Segment Start: SOURCE MATERIAL

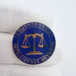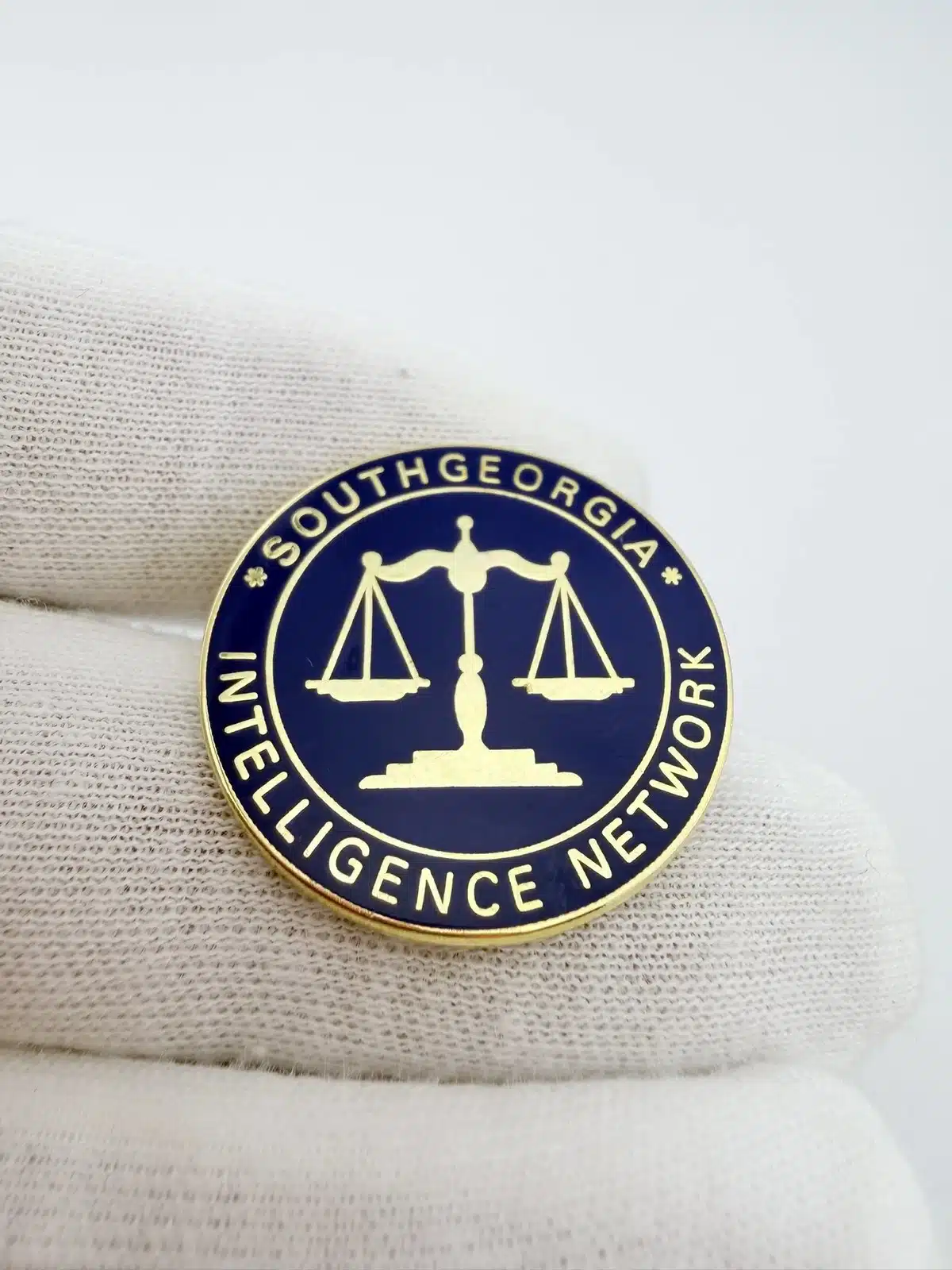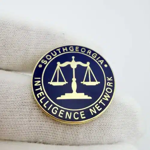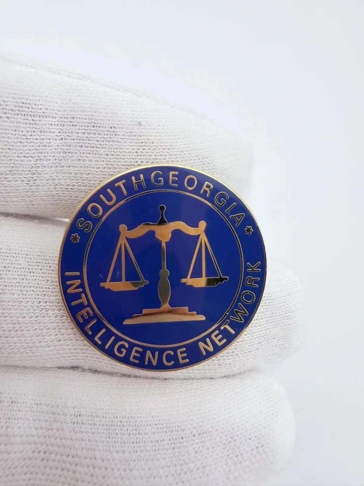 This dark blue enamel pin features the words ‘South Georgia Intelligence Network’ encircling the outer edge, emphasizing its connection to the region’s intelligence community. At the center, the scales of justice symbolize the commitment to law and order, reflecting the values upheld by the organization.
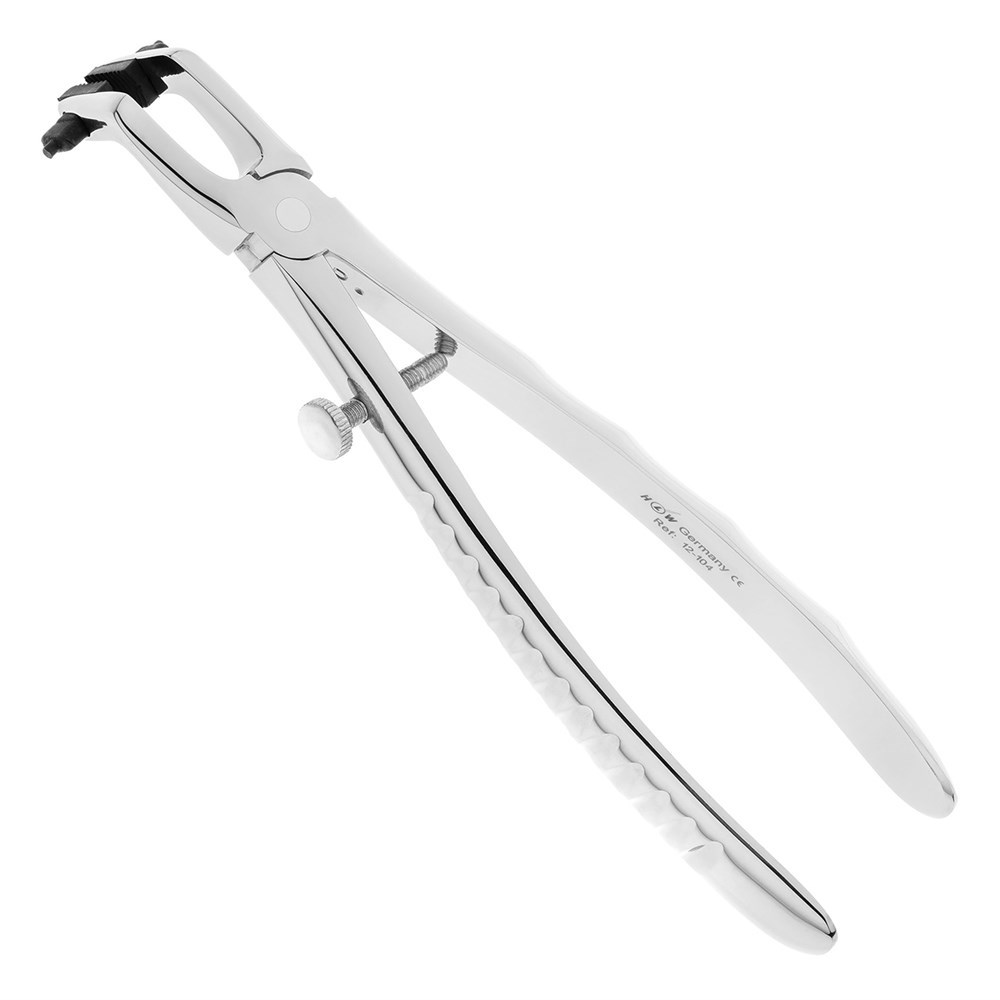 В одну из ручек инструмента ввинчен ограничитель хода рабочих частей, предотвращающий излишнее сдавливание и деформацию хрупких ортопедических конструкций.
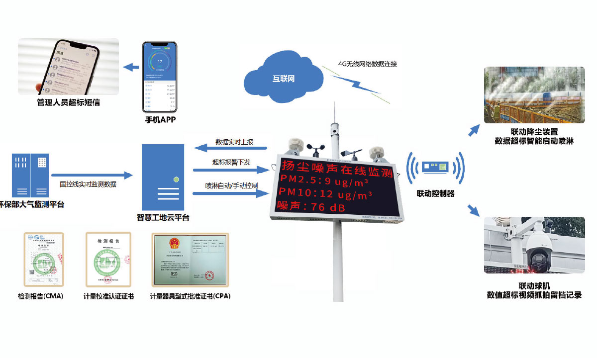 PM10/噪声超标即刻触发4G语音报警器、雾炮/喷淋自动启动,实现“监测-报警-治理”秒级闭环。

Segment End: SOURCE MATERIAL

All of the preceding material should be output verbatim, with the pictures excluded.

 This dark blue enamel pin features the words ‘South Georgia Intelligence Network’ encircling the outer edge, emphasizing its connection to the region’s intelligence community. At the center, the scales of justice symbolize the commitment to law and order, reflecting the values upheld by the organization.
 В одну из ручек инструмента ввинчен ограничитель хода рабочих частей, предотвращающий излишнее сдавливание и деформацию хрупких ортопедических конструкций.
 PM10/噪声超标即刻触发4G语音报警器、雾炮/喷淋自动启动,实现“监测-报警-治理”秒级闭环。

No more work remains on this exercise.